→ DESCRIPTION OF THE TASK:
Pictures in the entries below are excluded; copy only the lines from the one containing "Surge Protector Power" to the one containing "-Une cuisine ouverte, entièrement", both included.
┌─ RECORDS TO USE
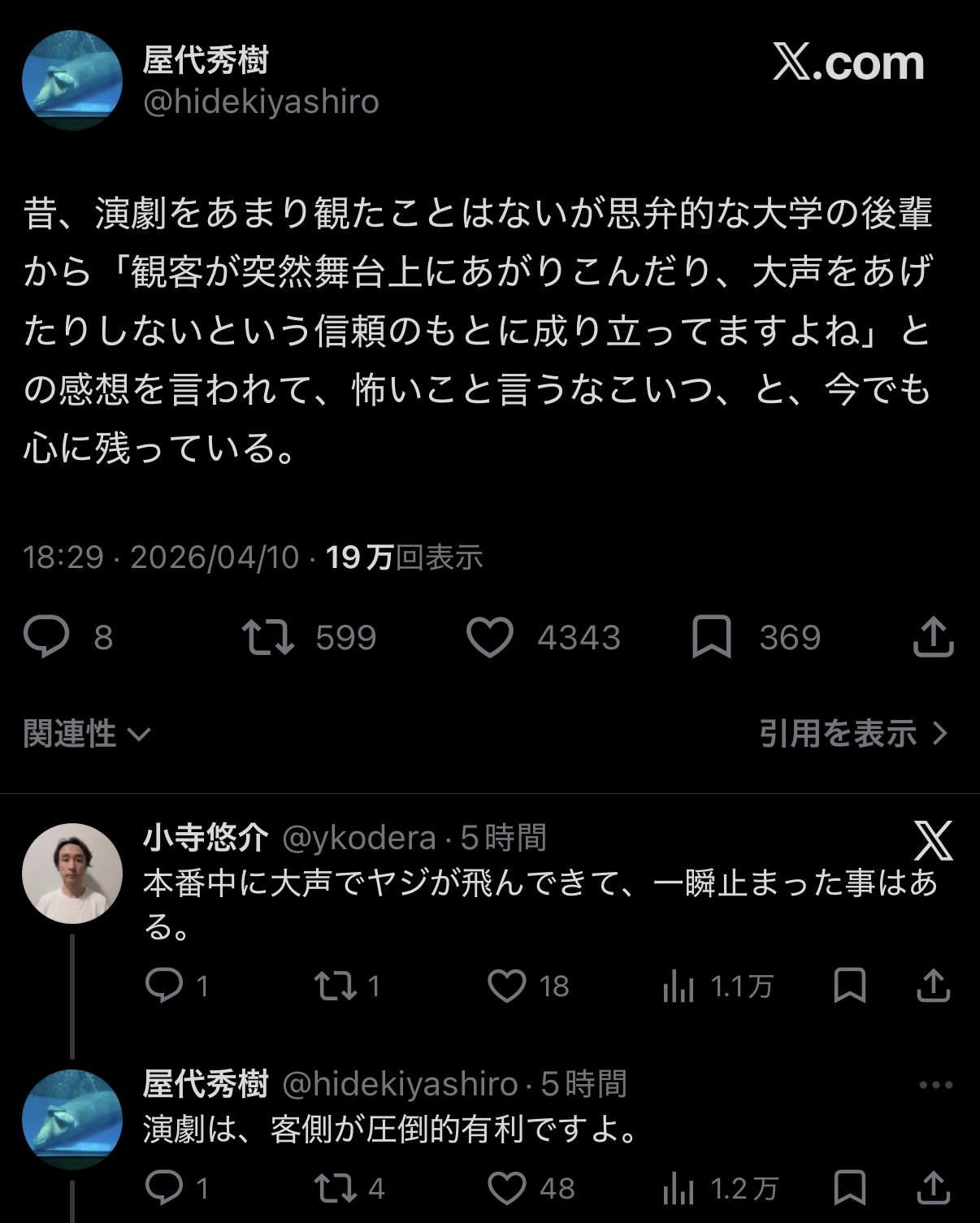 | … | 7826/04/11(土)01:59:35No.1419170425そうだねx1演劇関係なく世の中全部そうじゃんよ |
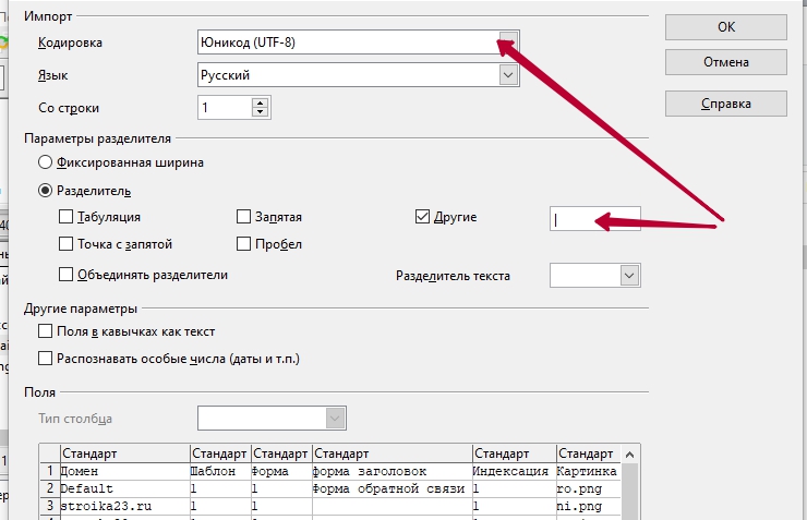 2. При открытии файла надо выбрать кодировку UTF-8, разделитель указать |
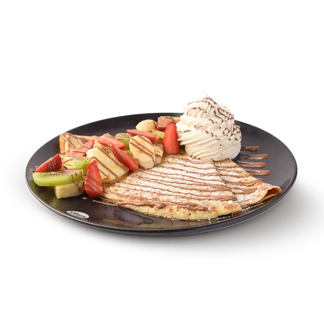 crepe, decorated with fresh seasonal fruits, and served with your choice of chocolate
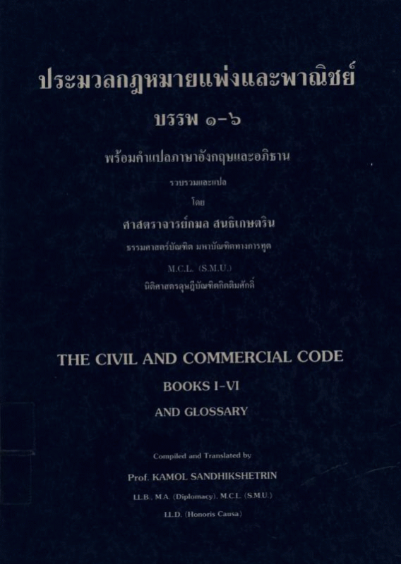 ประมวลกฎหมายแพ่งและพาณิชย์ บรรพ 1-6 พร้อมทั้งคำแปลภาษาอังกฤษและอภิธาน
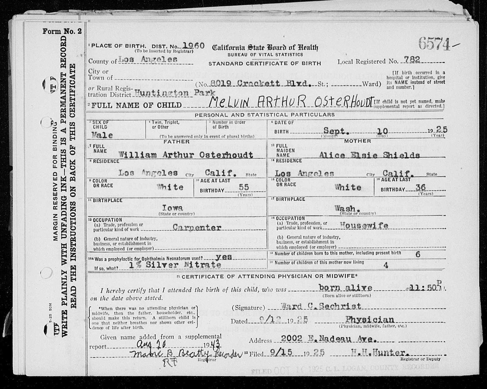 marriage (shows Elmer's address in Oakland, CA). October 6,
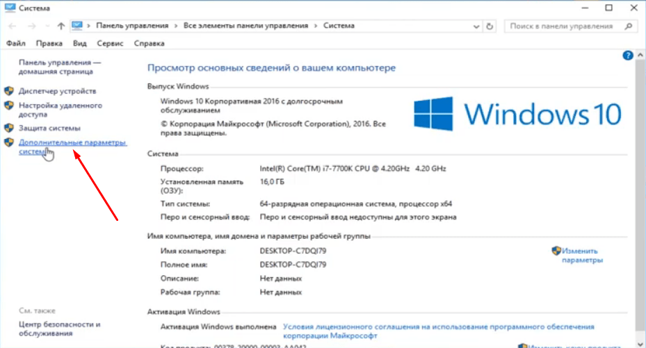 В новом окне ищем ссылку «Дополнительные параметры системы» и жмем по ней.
└─
┌─ RECORDS TO USE
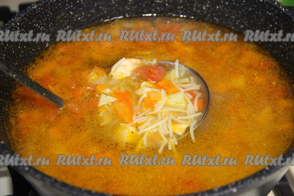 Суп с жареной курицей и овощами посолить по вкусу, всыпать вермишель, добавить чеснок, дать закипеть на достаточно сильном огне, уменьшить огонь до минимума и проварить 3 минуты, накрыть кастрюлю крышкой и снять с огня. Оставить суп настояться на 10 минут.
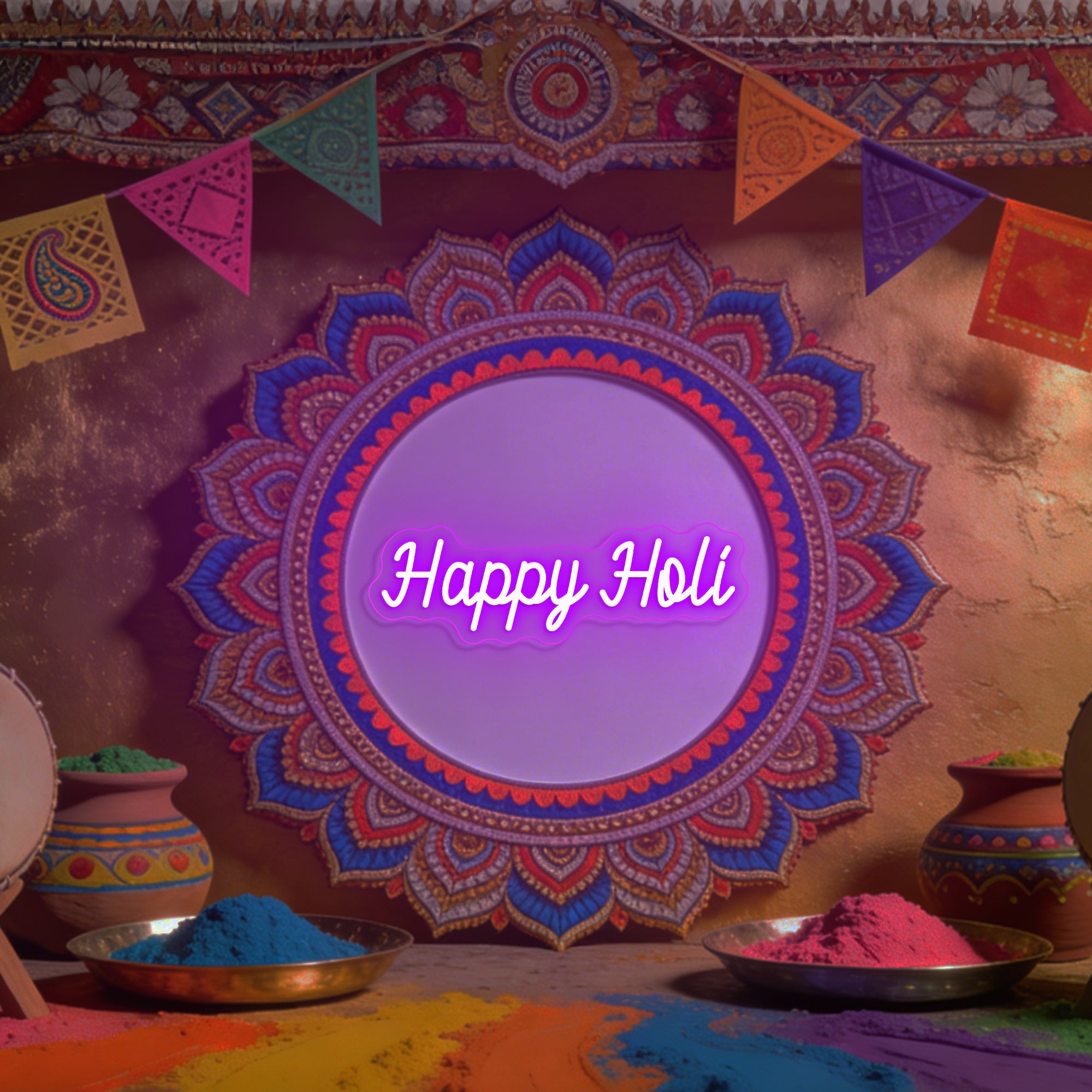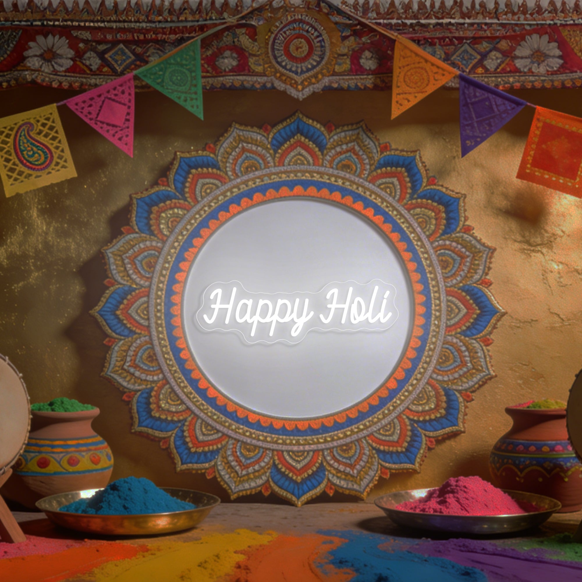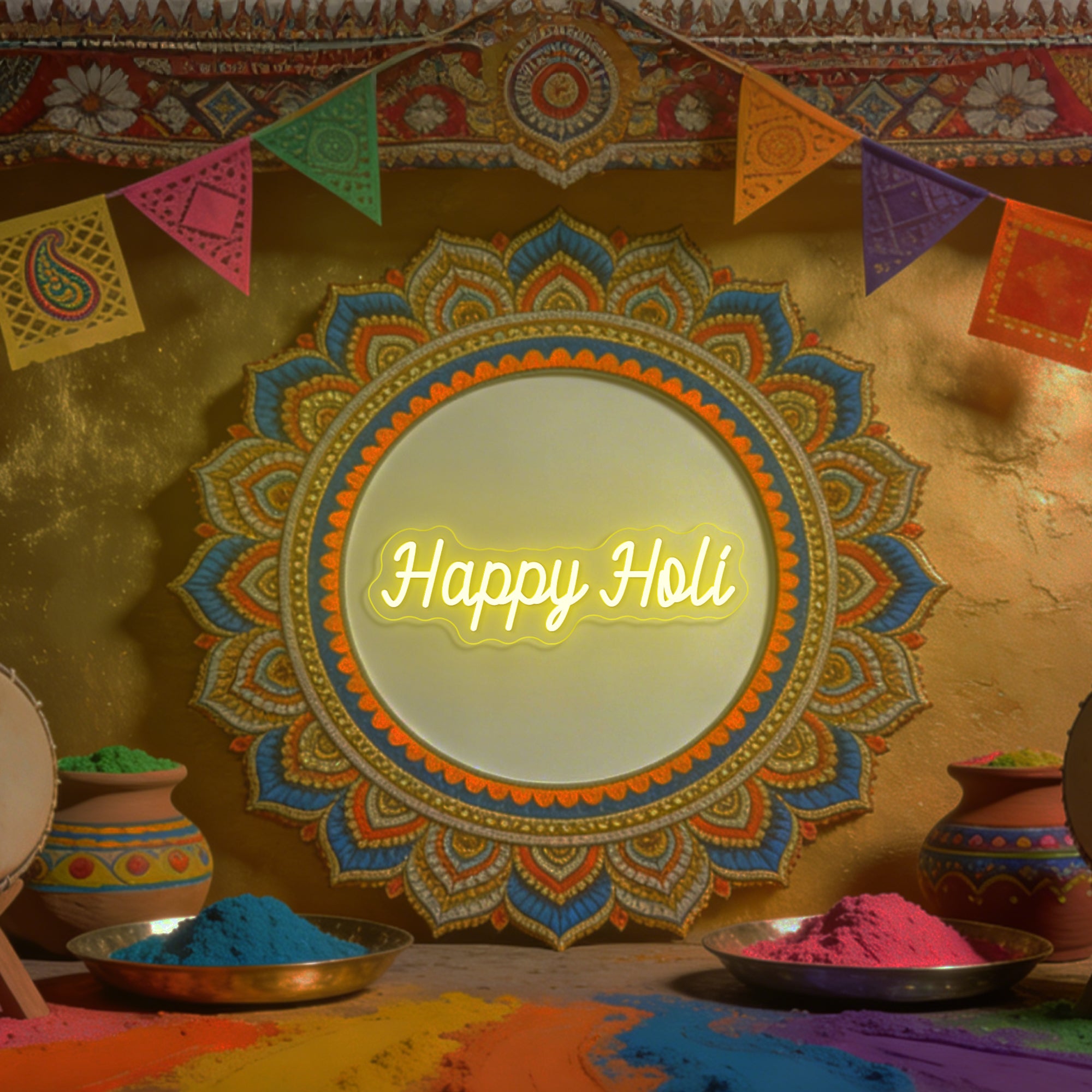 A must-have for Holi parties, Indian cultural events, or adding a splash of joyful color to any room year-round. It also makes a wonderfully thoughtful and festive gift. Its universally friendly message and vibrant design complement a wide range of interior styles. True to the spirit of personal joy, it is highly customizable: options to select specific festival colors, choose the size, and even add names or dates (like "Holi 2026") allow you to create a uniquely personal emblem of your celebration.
└─
┌─ RECORDS TO USE
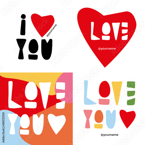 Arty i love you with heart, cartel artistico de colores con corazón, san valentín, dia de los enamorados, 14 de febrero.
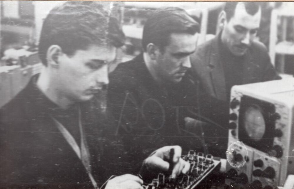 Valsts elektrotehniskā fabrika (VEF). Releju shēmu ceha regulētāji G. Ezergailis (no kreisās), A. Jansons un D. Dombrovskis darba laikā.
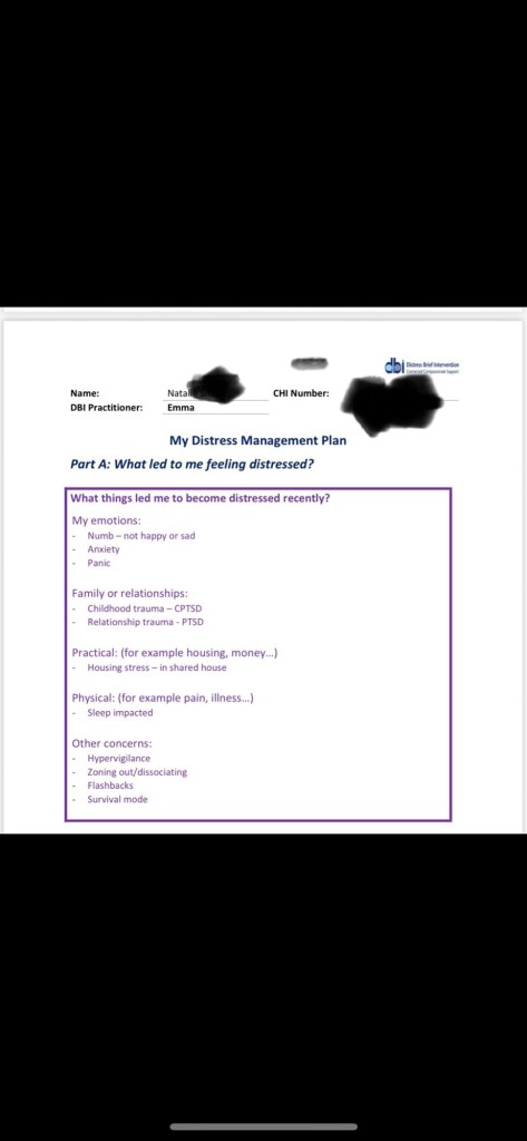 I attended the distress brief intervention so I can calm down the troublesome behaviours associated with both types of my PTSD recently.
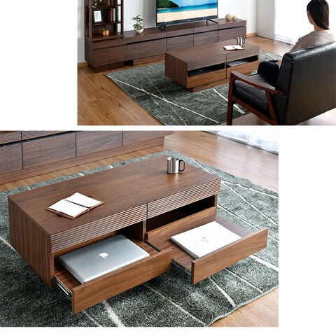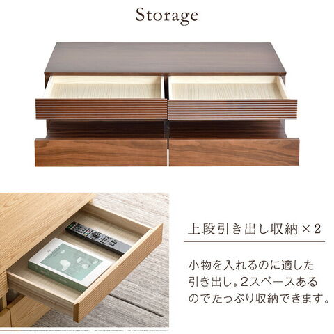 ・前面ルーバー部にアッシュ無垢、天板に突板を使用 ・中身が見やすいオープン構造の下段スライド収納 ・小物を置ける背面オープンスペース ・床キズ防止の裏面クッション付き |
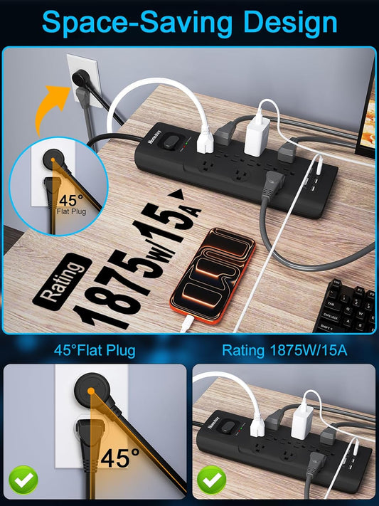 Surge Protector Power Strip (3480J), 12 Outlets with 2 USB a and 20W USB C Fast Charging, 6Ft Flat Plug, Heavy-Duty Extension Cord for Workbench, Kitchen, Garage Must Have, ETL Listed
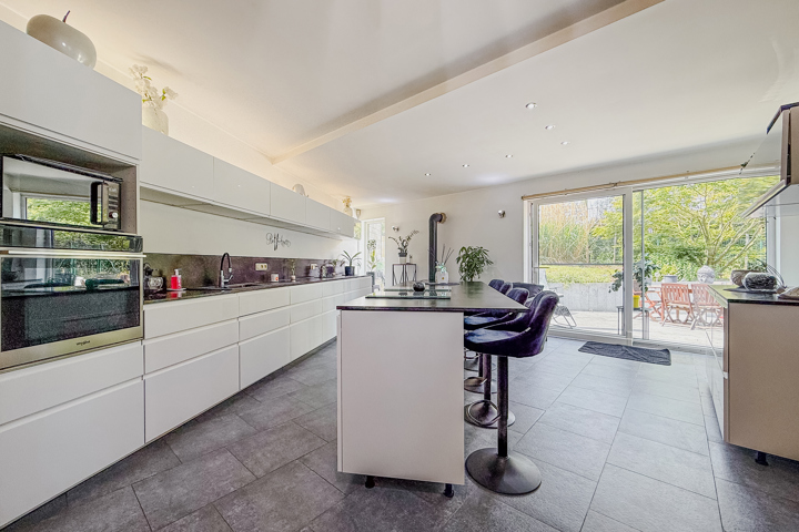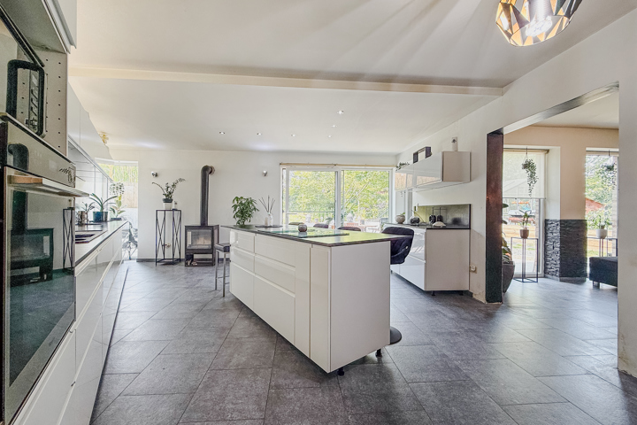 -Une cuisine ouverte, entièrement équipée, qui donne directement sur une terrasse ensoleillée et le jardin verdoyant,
└─
→ PROBLEM SOLUTION:
 Surge Protector Power Strip (3480J), 12 Outlets with 2 USB a and 20W USB C Fast Charging, 6Ft Flat Plug, Heavy-Duty Extension Cord for Workbench, Kitchen, Garage Must Have, ETL Listed
 -Une cuisine ouverte, entièrement équipée, qui donne directement sur une terrasse ensoleillée et le jardin verdoyant,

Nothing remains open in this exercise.